The weather.com gauge:
This gauge has a strange combination of things that make me wonder about it.
The large numbers on the front (1, 2, etc) are painted and embossed, but useless for anything except to remember which inch you're "in" when reading the thing.
The lines on the sides are painted only - not embossed - which means that they will flake off and the gauge will be unreadable as soon as the sun does it in.
When held vertically - which I am not quite doing in the picture - the meniscus was right at 0.3". Like the yellow gauge, though, reading anything other than 0.05" increments isn't going to happen.
In all I am not sure why weather.com put their name on this thing. I suspect a season or two and it will be unreadable, and I wonder about its accuracy. Determining that will require a storm that gives us 3 or 4 inches of rain, so the linearity of the scale and the accuracy of the painted lines can be compared with the official and wedge gauges.
The butterfly gauge:
This is the last - and least accurate - gauge. Though it is hard to tell from the image that tube is held just about vertically, and yes it really claims we got 0.8" of rain, where the others all said 0.3" - 0.33".
Like the weather.com gauge, the marks on the tube are only painted on, not embossed. That, however, is because the tube is made of glass, not plastic. Kind hard to emboss glass like this on the cheap.
The paint will, no doubt, come off with enough UV exposure, so it would probably be useless in a couple of seasons, even it it wasn't wildly inaccurate, which makes it effectively useless now.
But why is it inaccurate? Simple... look at the top of the tube, which is what it is hung from in that brass holder:
See that lip? Much of the rain that lands on it runs into the gauge, but the scale is calibrated only for the inner diameter of the tube. The net result is that the gauge collects a lot more water than it should given the scale, and the numbers are way off.

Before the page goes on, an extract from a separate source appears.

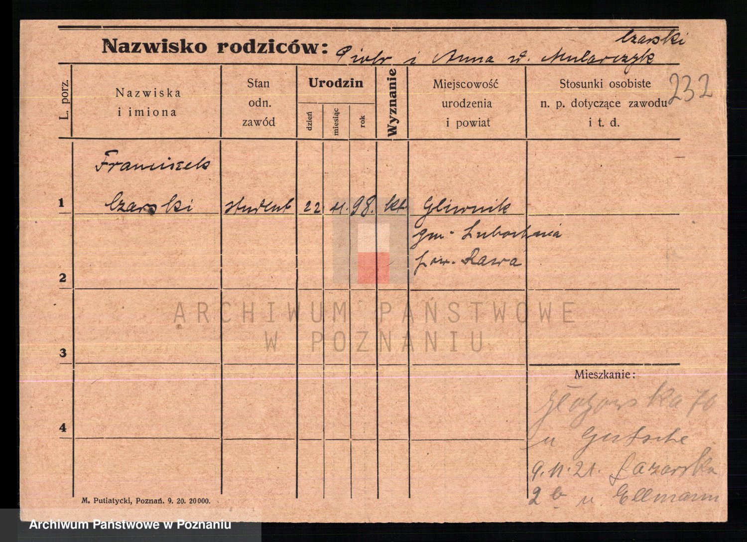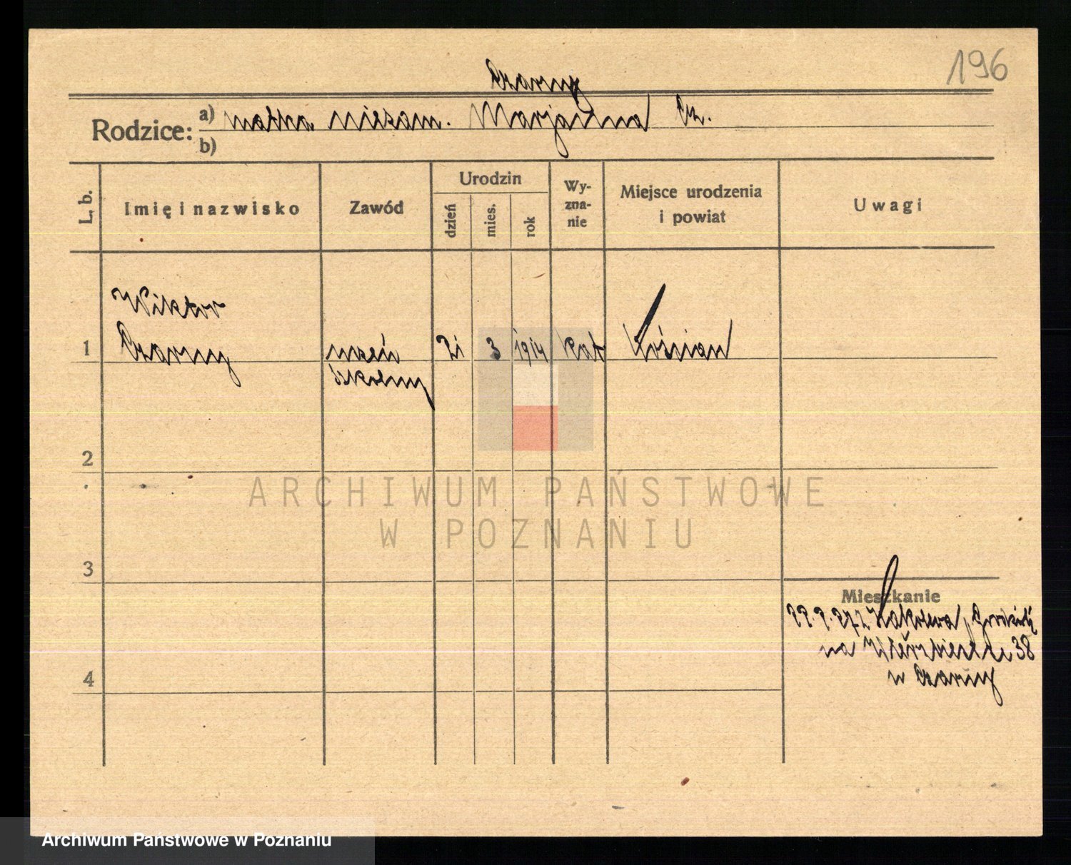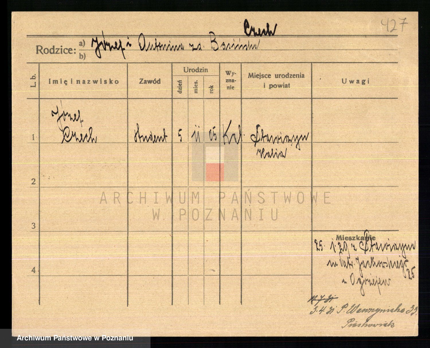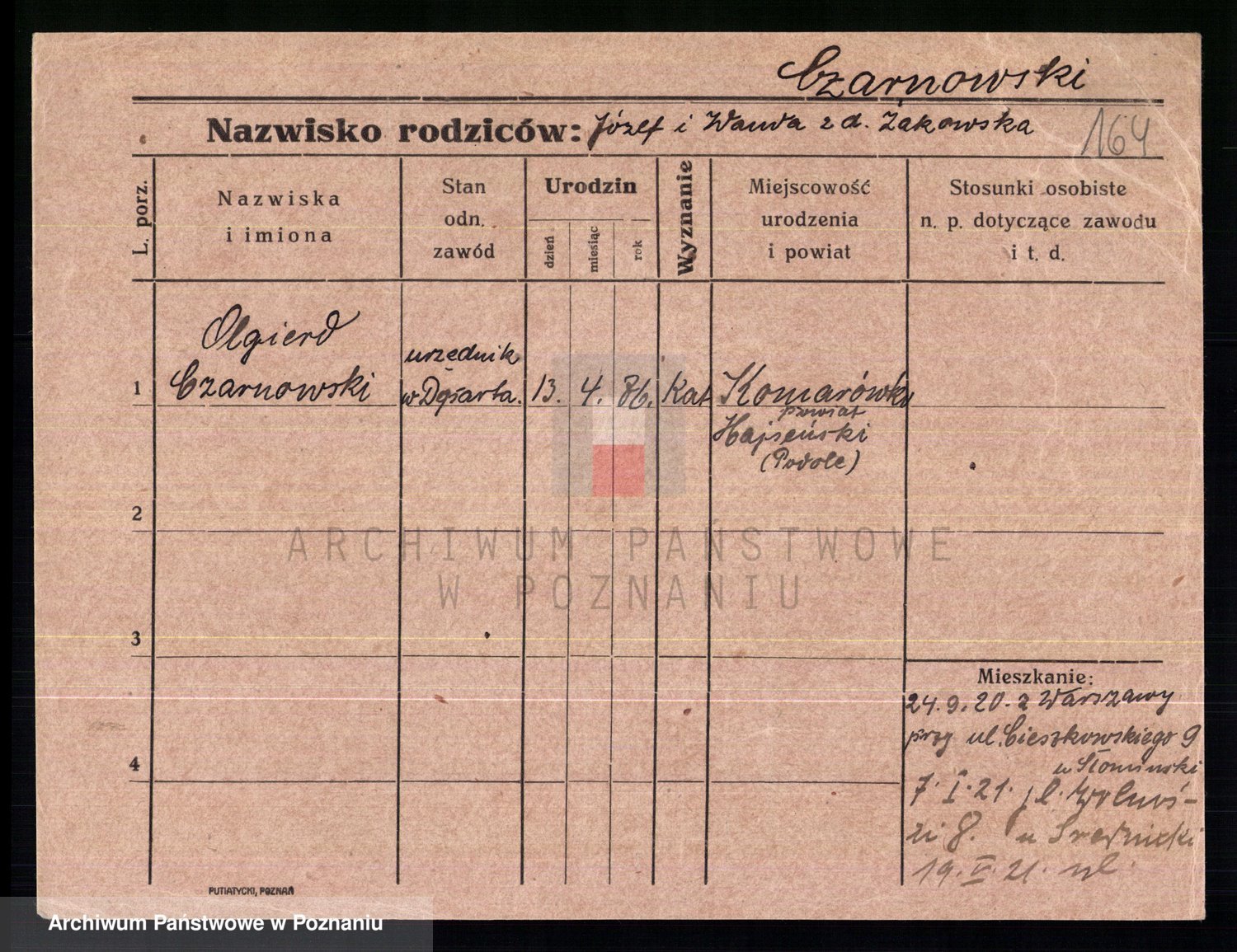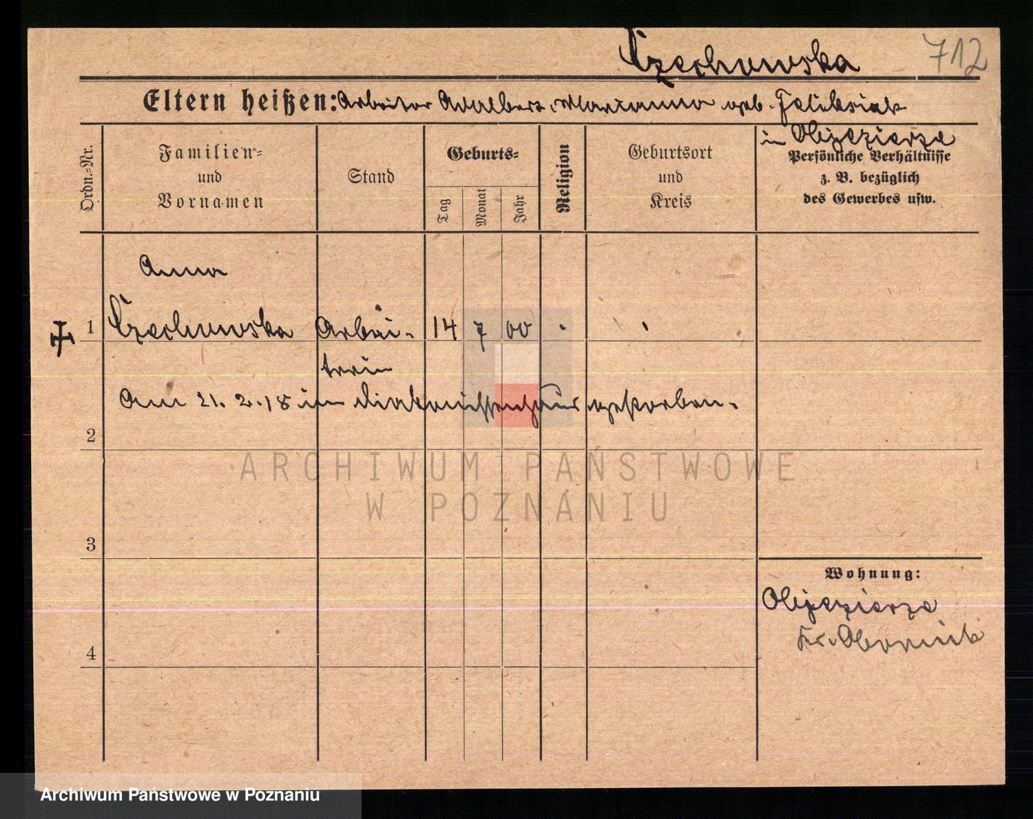 Podgląd karty osobowej dostępny jest po kliknięciu na nazwisko lub ikonkę karty. Można dokonywać powiększenia (ikony na górze) lub przechodzić między kolejnymi skanami (strzałki po bokach).

And since that lip is curved, I suspect wind has interesting affects too. If there is no wind as the rain falls it is possible that more of the water that hits the lip winds up in the tube. if there is wind, though, some may blow off the lip and result in a different - though still inaccurate - reading. This is speculation on my part, but so far this gauge doesn't consistently read as a multiple of any other gauge, so there is something odd going on.
Anyway, good rain gauges have a knife-like edge at the top to clearly define the collection area, not a hazy, rounded boundary like this one.
I will keep this gauge in the set and collecting data from it though I know it is useless for real record keeping. It is actually kind of fun to see just how far off it can be. More than 2X in this rain, obviously, but the range of differences is fascinating to a nerd like me.
There you have it... some information on the various gauges so far. Interesting to me, at least. Hopefully you too.